Raw data
------------------------------------------------

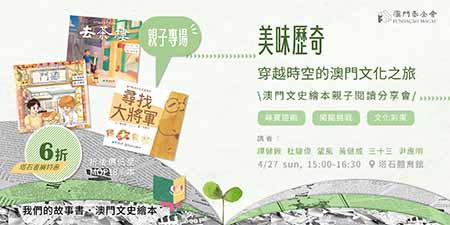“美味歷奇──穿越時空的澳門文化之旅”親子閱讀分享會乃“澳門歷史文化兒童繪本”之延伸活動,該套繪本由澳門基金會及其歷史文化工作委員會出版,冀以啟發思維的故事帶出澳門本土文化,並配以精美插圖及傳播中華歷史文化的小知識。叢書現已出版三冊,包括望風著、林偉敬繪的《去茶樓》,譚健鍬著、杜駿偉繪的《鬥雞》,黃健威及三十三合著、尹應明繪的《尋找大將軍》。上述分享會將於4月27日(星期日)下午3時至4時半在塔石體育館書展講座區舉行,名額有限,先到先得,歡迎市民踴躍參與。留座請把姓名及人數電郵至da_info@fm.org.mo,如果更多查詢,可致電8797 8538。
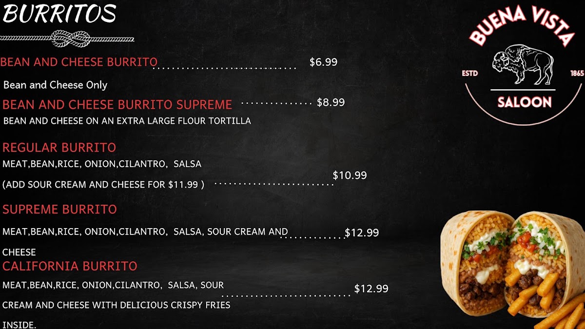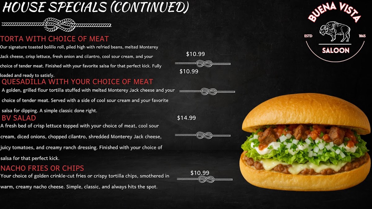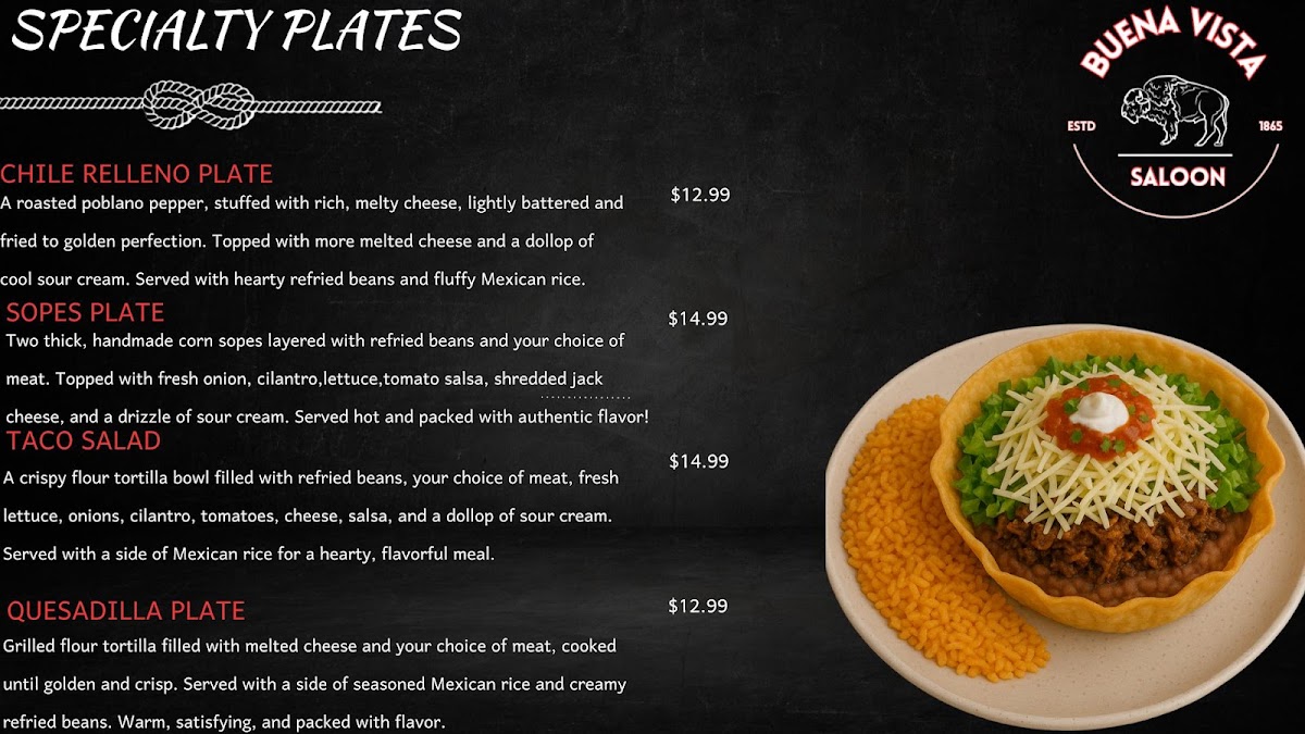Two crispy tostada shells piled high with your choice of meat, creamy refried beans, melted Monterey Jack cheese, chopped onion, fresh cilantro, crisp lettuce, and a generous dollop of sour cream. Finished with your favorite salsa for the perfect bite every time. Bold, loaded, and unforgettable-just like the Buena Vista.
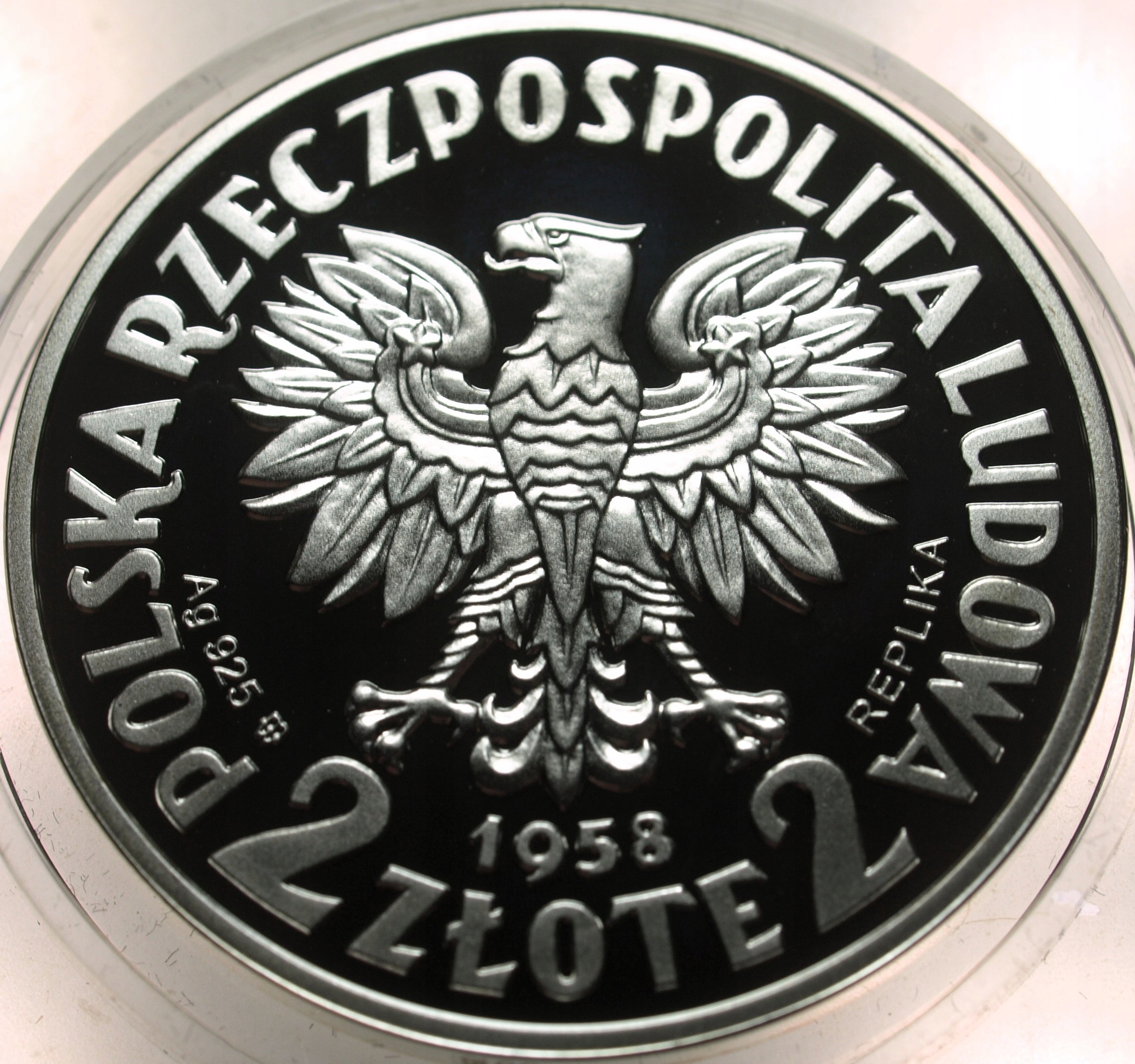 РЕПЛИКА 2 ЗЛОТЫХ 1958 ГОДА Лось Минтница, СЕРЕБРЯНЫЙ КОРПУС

------------------------------------------------

Activity
The full listing, transcribed exactly and without its pictures, is the expected result.

Expected answer
“美味歷奇──穿越時空的澳門文化之旅”親子閱讀分享會乃“澳門歷史文化兒童繪本”之延伸活動,該套繪本由澳門基金會及其歷史文化工作委員會出版,冀以啟發思維的故事帶出澳門本土文化,並配以精美插圖及傳播中華歷史文化的小知識。叢書現已出版三冊,包括望風著、林偉敬繪的《去茶樓》,譚健鍬著、杜駿偉繪的《鬥雞》,黃健威及三十三合著、尹應明繪的《尋找大將軍》。上述分享會將於4月27日(星期日)下午3時至4時半在塔石體育館書展講座區舉行,名額有限,先到先得,歡迎市民踴躍參與。留座請把姓名及人數電郵至da_info@fm.org.mo,如果更多查詢,可致電8797 8538。
Two crispy tostada shells piled high with your choice of meat, creamy refried beans, melted Monterey Jack cheese, chopped onion, fresh cilantro, crisp lettuce, and a generous dollop of sour cream. Finished with your favorite salsa for the perfect bite every time. Bold, loaded, and unforgettable-just like the Buena Vista.
 РЕПЛИКА 2 ЗЛОТЫХ 1958 ГОДА Лось Минтница, СЕРЕБРЯНЫЙ КОРПУС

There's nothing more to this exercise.